Student researches HBO hit 'Game of Thrones'
November 27, 2013
|Christina Kunkel talks about her project with Dr. Wendy Hilton-Morrow of Communication Studies. (Augustana Photo Bureau/Anh Hoang)|
Christina Kunkel, a senior English major from Peru, Ill., presented the findings from her summer research project at the recent Women & Society Conference at Marist College in Poughkeepsie, N.Y. The presentation was a condensed version of Kunkel’s feminist media analysis on HBO’s hit series, "Game of Thrones," focusing on gender, femininity and power relations within the patriarchal context of the show.
Working alongside Dr. Wendy Hilton-Morrow, associate professor of communication studies, for her project, Kunkel analyzed how women in positions of power are portrayed in the high fantasy genre in contemporary media. Through an in-depth analysis of "Game of Thrones," Kunkel considers what stereotypes and social norms are being represented and reinforced to large audiences, focusing on the prevailing gender hierarchy that continues to disadvantage women.

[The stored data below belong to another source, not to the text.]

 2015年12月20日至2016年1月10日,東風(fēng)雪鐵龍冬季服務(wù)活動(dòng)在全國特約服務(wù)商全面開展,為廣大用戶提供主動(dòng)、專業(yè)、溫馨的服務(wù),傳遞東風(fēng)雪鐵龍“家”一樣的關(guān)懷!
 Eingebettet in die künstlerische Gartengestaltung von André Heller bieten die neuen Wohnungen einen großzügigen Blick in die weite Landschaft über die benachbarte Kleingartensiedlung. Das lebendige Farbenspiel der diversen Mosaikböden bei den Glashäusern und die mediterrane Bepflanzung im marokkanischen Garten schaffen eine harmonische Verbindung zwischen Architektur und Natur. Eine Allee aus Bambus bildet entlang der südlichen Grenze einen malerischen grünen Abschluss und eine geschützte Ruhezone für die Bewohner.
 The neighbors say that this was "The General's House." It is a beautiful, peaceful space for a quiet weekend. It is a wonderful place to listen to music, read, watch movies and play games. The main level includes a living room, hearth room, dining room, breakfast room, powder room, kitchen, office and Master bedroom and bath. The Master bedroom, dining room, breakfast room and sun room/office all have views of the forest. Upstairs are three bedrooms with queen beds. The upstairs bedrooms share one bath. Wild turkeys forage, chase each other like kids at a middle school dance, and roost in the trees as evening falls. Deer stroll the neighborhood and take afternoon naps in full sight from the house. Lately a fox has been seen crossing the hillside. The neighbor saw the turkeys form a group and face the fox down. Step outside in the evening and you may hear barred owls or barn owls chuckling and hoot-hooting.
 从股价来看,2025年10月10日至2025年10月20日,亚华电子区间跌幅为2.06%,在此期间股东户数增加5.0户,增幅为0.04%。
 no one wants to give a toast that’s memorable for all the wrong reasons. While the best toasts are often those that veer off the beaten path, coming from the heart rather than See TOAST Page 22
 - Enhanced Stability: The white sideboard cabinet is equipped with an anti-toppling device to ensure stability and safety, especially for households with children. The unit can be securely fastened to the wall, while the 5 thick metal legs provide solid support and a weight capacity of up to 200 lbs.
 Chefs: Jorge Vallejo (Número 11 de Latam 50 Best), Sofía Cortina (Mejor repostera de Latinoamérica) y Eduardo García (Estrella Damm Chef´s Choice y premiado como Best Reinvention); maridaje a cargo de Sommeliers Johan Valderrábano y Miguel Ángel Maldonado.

Kunkel describes the opportunity to participate in the Women & Society Conference as an undergraduate, among mostly graduate students and professionals, as a rewarding experience. In addition to the panel discussion on her own research, she attended other sessions and talked with students and professors with similar interests.
“Apart from the academic experience, I feel that being at the conference was a great experience to develop my public speaking skills through practice and watching the other presentations,” she said.
Kunkel used "Enlightened Sexism" by scholar Susan Douglas as a major source for her research. Douglas argues that the media representations that show women as having true equality to men when it is not an actually accomplished fact in society reinforce the gender hierarchy still present. Kunkel further concludes that the shameless and foregrounded oppression of the female characters in "Game of Thrones" within the medieval and patriarchal society of the show critiques our own society’s continued subjugation of women.
“I am a huge fan of the show,” Kunkel said. “I really loved it prior to doing my research project, but after I critically analyzed the criticism it presents, I have grown to respect it even more.”